▶ [Problem requirements]:
Print every line below exactly. Skip the pictures.

▶ [Information supplied]:
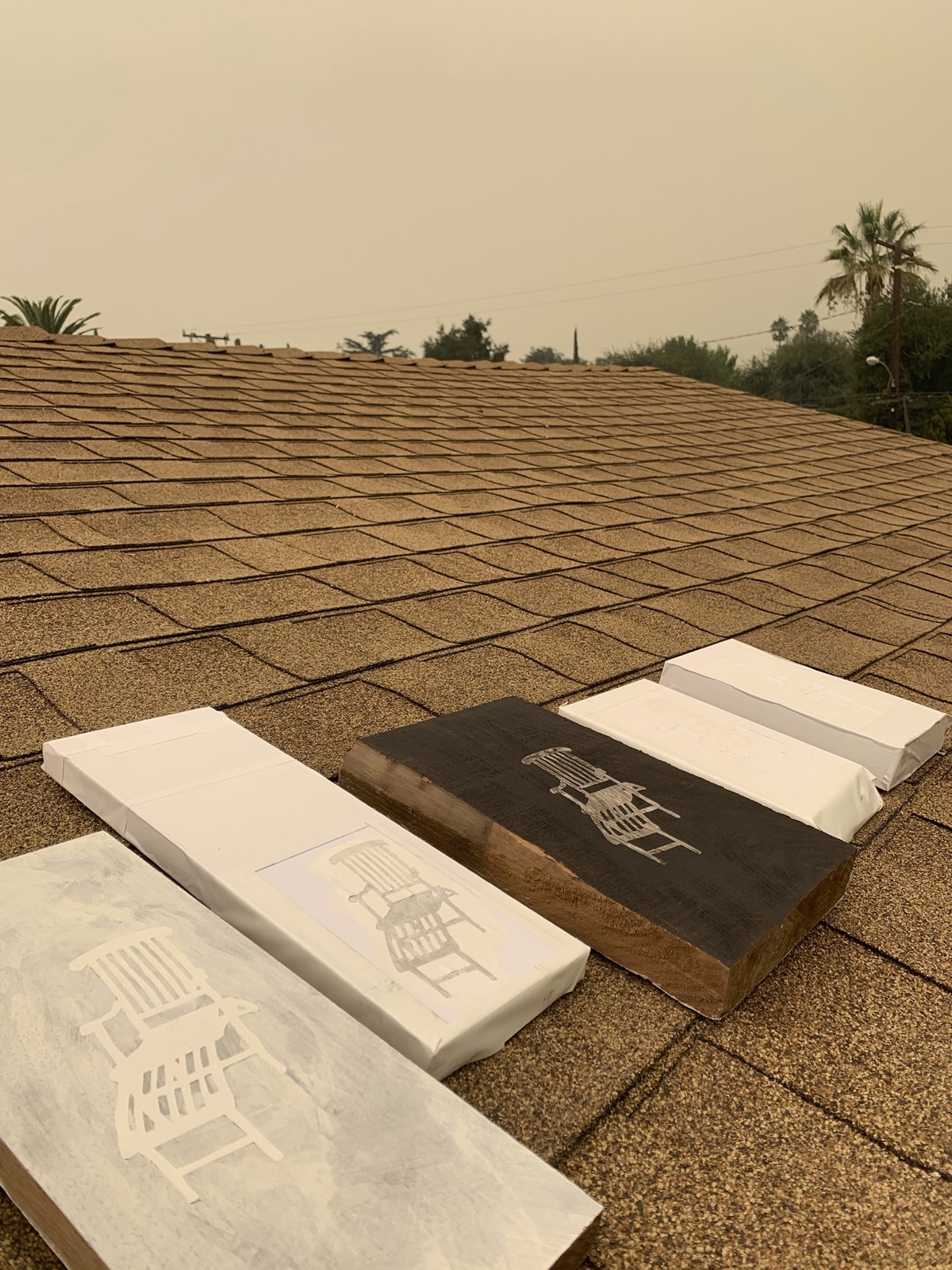 That was in early September, and the artist planned to let the smoke, ash and particulates in the heavy air fall on that wood, collecting over time and forming an image when the stencil was removed.
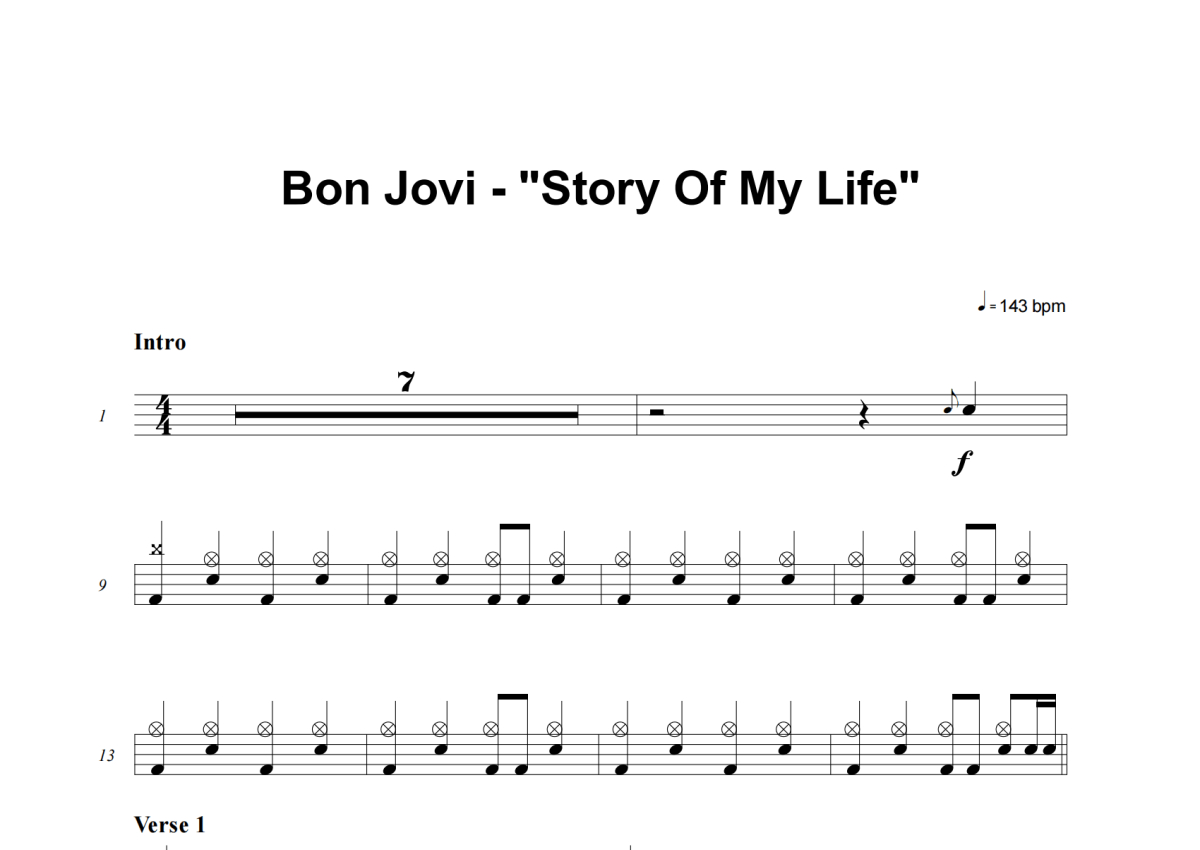 《Story Of My Life》是Bon Jovi演唱的一首歌曲,这份架子鼓谱共有四张高清图谱,图谱由 @积极处世 编配上传,图谱使用五线谱编配,使用这份Story Of My Life架子鼓谱,你将能够轻松地敲打出这首Bon Jovi的Story Of My Life,快来尝试吧。
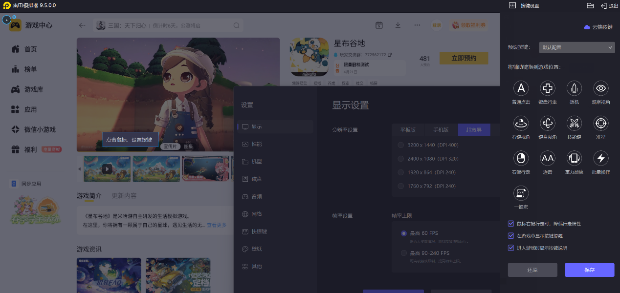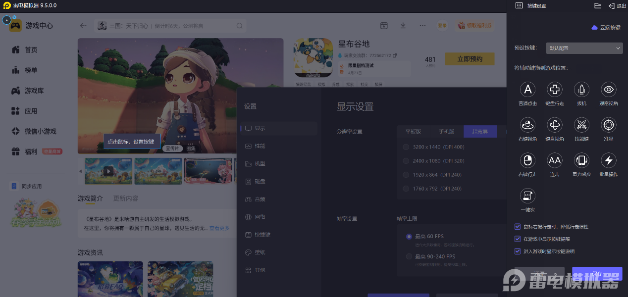 雷电模拟器支持键鼠配合操作,游玩星布谷地时可以有效减少操作失误。游戏中包含装修建造、探索互动等多种操作,手机触屏容易出现按键误触的情况,而键鼠操作的精准度更高,点击、拖动等操作都能稳定完成。无论是调整家具位置,还是在星球上探索互动,键鼠都能带来流畅的操作体验,让休闲玩法的过程更顺畅,不用因误触打断游戏节奏,提升整体游玩的顺畅度。

▶ [Your solution]:
 That was in early September, and the artist planned to let the smoke, ash and particulates in the heavy air fall on that wood, collecting over time and forming an image when the stencil was removed.
 《Story Of My Life》是Bon Jovi演唱的一首歌曲,这份架子鼓谱共有四张高清图谱,图谱由 @积极处世 编配上传,图谱使用五线谱编配,使用这份Story Of My Life架子鼓谱,你将能够轻松地敲打出这首Bon Jovi的Story Of My Life,快来尝试吧。
 雷电模拟器支持键鼠配合操作,游玩星布谷地时可以有效减少操作失误。游戏中包含装修建造、探索互动等多种操作,手机触屏容易出现按键误触的情况,而键鼠操作的精准度更高,点击、拖动等操作都能稳定完成。无论是调整家具位置,还是在星球上探索互动,键鼠都能带来流畅的操作体验,让休闲玩法的过程更顺畅,不用因误触打断游戏节奏,提升整体游玩的顺畅度。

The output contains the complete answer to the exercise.